En la capital turca se quedó un año y medio, pero la estadía se tornó cuesta arriba, especialmente para las personas con discapacidad. Finalmente pudo llegar a un hospital y recibir tratamiento para su pierna. Le hicieron una prótesis, pero no era de la mejor calidad. No podía caminar más de 300 metros sin que se desmoronara. “No tenía dinero y un amigo me ayudó a encontrar algo de efectivo para cruzar a Europa”, dijo Ibrahim.
El 27 de febrero de 2014 cruzó el mar Egeo en un bote de goma hacia la isla griega de Samos, junto con otras 18 personas, después de haberle pagado 800 euros a un traficante de personas. “No tenía miedo al lúgubre como el resto del grupo, no tenía nada que perder”, resaltó. Mientras la Primavera Árabe (movimiento social que pretendía una remodelación política en los países de la región) no resultaba efectiva en Siria, Ibrahim desembarcó en Samos, donde permaneció unas semanas hasta ser enviado a Atenas.
Con miles de kilómetros de costa, Grecia y la isla de Samos, en particular, han estado al frente de la crisis de refugiados de Europa. De 2014 a 2020, más de 1.2 millones de personas llegaron al continente, principalmente a través de suelo griego, según la agencia de las Naciones Unidas para los refugiados.

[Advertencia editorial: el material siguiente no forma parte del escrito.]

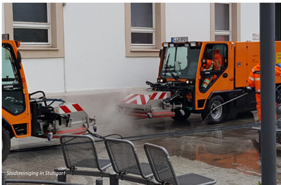
Stadsreininging in Stuttgart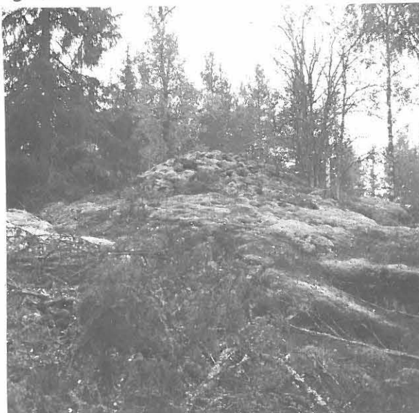
1. VARE a) POHJOISESTA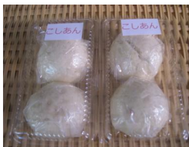
八潮名産小麦まんじゅう (小倉 操子)

私は、このおまんじゅう作りを、次世代に伝えて八潮の伝統食として残して行きたいと思っています。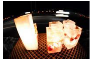
写真-8 押し花キャンドル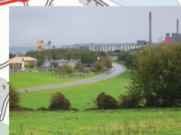
Udsigt fra den nye trampesti til Arup Skov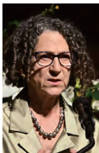
シンシア・ ドワーク博士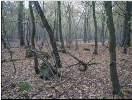
Oben: LRT 9160; unten: LRT 91E0

gutachten der Bestände war dies durchaus nachvollziehbar.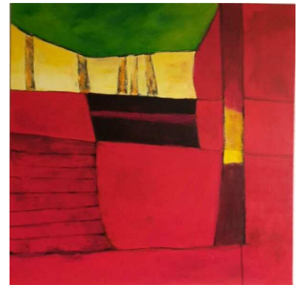
Bild 14, Landschaft in Rot III, 80 x 80 Acryl auf Leinwand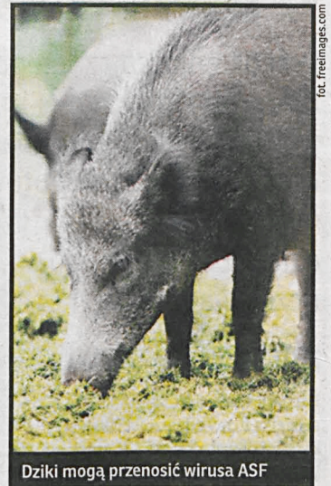
Dziki mogą przenosić wirusa ASF

Projekt rozporządzenia ministra rolnictwa w sprawie zarządzenia odstrzału został skierowany do uzgodnień i konsultacji społecznych, które zakończą się w czwartek 4 lutego 2016 r. Można spodziewać się tu protestów organizacji eko-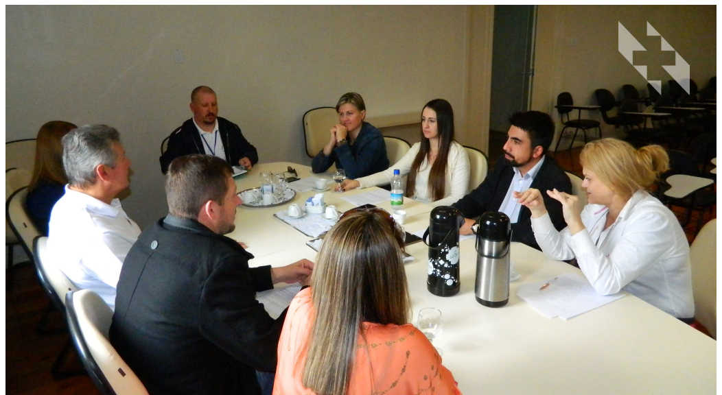
Técnicos manifestaram apoio para o credenciamento de serviços do HSVP junto ao MS

somar aos processos do Centro de Atendimento de Urgência a pacientes com AVC com 10 leitos e de Alta Complexidade em Ortopedia e Traumatologia do Hospital.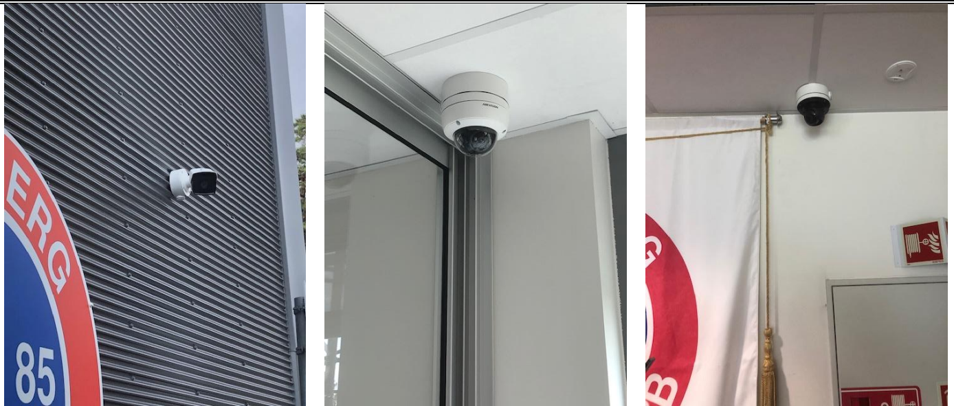
Overvåkingskamera er nå montert både ute (t.v.) og 2 inne i klubblokalene.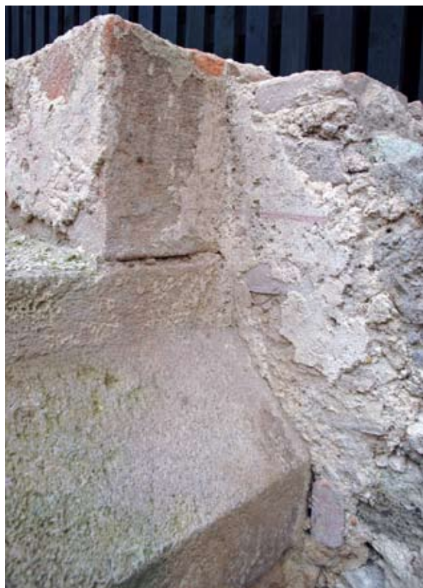
15. Kváderes falfestés maradványa a visegrádi királyi palota délnyugati épületének udvari homlokzatán, egy Mátyás-kori támpilléren és a csatlakozó falszakaszon

cm-es kváderosztás, illetve körülötte egy széles fehér ecsetnyom. 19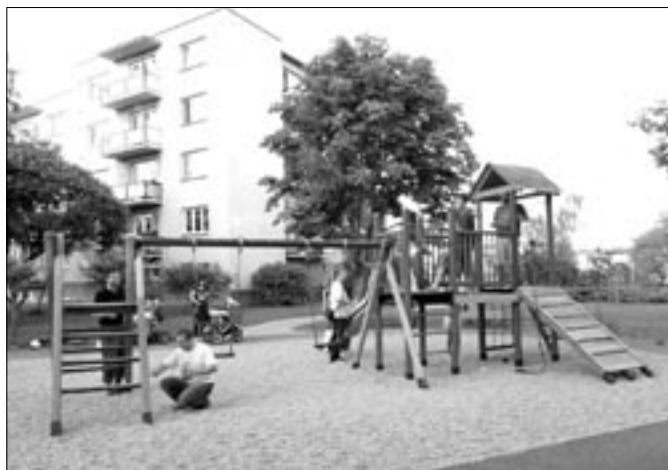
Tatínčí natírají houpačky a skluzavku.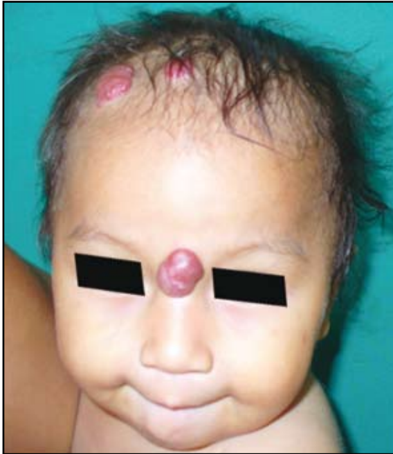
FIGURA 1: Hemangiomas en región glabellar, línea media frontal y parietal. Sin ulceración.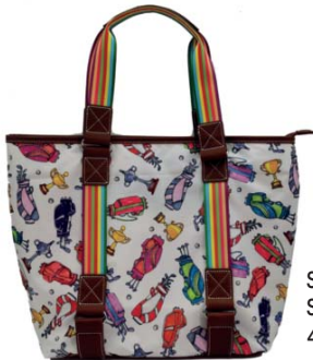
SL30123* Shopper 46 x 16 x 30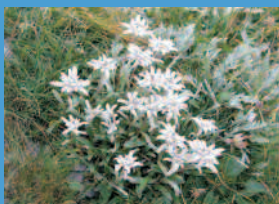
planika ( Leontopodium alpinum )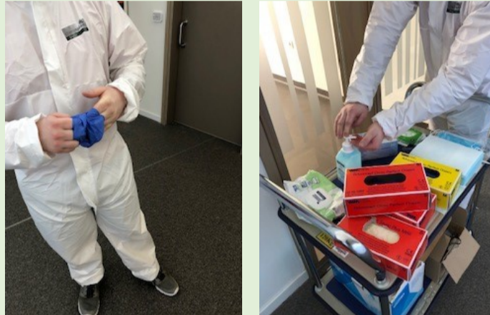
STAP 3: Beschermkledij uitdoen, buitenkant NIET aanraken & aan de voorziene kapstok hangen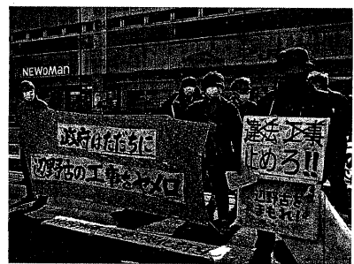
2.5 辺野古 新宿スタンディング

1月29日(土) 13時 基地の集中の問題性、新宿アルタ前に集合。米兵によるコロナ持ち込みへの岸田の無為無策・技術的に基地建設が不可能などを道行く人々へ訴えた。14時か新宿デモ」が取り組まれた。主催は「辺野古古埋め立て不承認支持」政府は直ちに工事の中止を訴え、途中工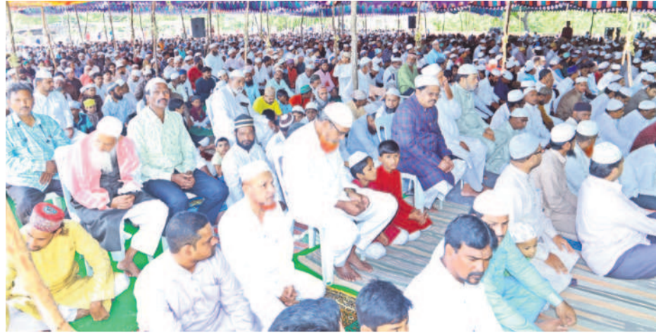
కామారెడ్డిలోని ఈడా వద్ద ప్రార్థనలు చేస్తున్న ముస్లింలు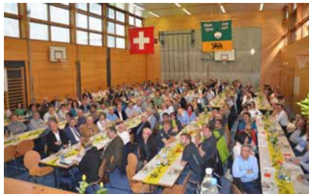
Ortsgemeindevertreter aus dem ganzen Kanton St. Gallen zu Gast in Kobelwald

Wir bedanken uns auch an dieser Stelle bei allen Helfer und Helferinnen für die tatkräftige und wertvolle Unterstützung.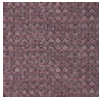
B7672002 Bleu garance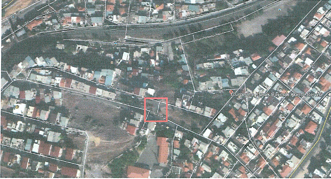
Şekil 1: İmar Planı Değişikliği Alanının Uydu Görüntüsü

İmar Planı Değişikliğinin amacı, çevresindeki yerleşim birimlerinin enerji altyapısındaki eksikliğin giderilmesi için güncel imar planları üzerine trafo gösteriminin yapılmasıdır.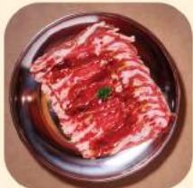
06 - เสือร้องไห้ 391.-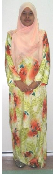
RUPADIRI SISWI - ISLAM -

Tras llegar a Atenas, vagabundeó por las calles una decena de días hasta ser ayudado por un compatriota sirio que le presentó a un médico. Angelos Chronopoulos, quien le ofreció una prótesis y la esperanza de un nuevo inicio. “Angelos cambió mi vida. Es como un hermano para mí. La pierna costaría normalmente 12.000 euros, pero la hizo, la pagó de su propio bolsillo y le proporcionó el mantenimiento de forma gratuita”.
Con su nueva pierna y su estatus de refugiado, obtenido en 2015, Al-Hussein encadenó pequeños trabajos para conseguir un hogar y regresar al deporte con su nuevo cuerpo. “Vine buscando una familia, piernas y un nuevo hogar. Y los encontré a los tres aquí. Grecia se convirtió en mi país, no quiero cambiar más”, de ahí su expatriado como griego.
Cinco años después alejado del agua, Ibrahim volvió a sumergirse. Fue en la pileta olímpica de Atenas donde recobraría sus sueños como atleta. “Fue aquí donde comenzó mi historia”, sostuvo Ibrahim. Por aquel entonces, con 15 años, el joven sirio seguía las hazañas olímpicas de Ian Thorpe y Michael Phelps en la capital griega desde su televisión en Dier ez-Zor. Hoy nada en las mismas calles en las que brillaron el campeón australiano y la leyenda estadounidense.
Un buen presente encadenando victorias en competiciones paralímpicas nacionales llevó a Al-Hussein a ser tenido en cuenta por el Comité Olímpico Griego, que para los Juegos de Río 2016 le ofreció llevar la antorcha olímpica a través del campo de refugiados de Eleonas como gesto simbólico en solidaridad con los refugiados del mundo.
En esos mismos juegos se desempeñó como abanderado en el desfile de naciones de la ceremonia de apertura, siendo el primer equipo en marchar por el Estadio Maracaná, y representó al Equipo de Atletas Paralímpicos Independientes en los 50 y 100 metros de estilo libre. La hazaña se había cumplido.
Tras haber nadado mucho tiempo a contracorriente, Ibrahim espera ahora transitar aguas más tranquilas. Se entrena cada día para ser uno de los seis atletas que compondrán el equipo paralímpico de refugiados en los Juegos de Tokio. “No nado por mí. Hay alrededor de 80 millones de refugiados en el mundo. Nado por todos ellos”, reafirmó.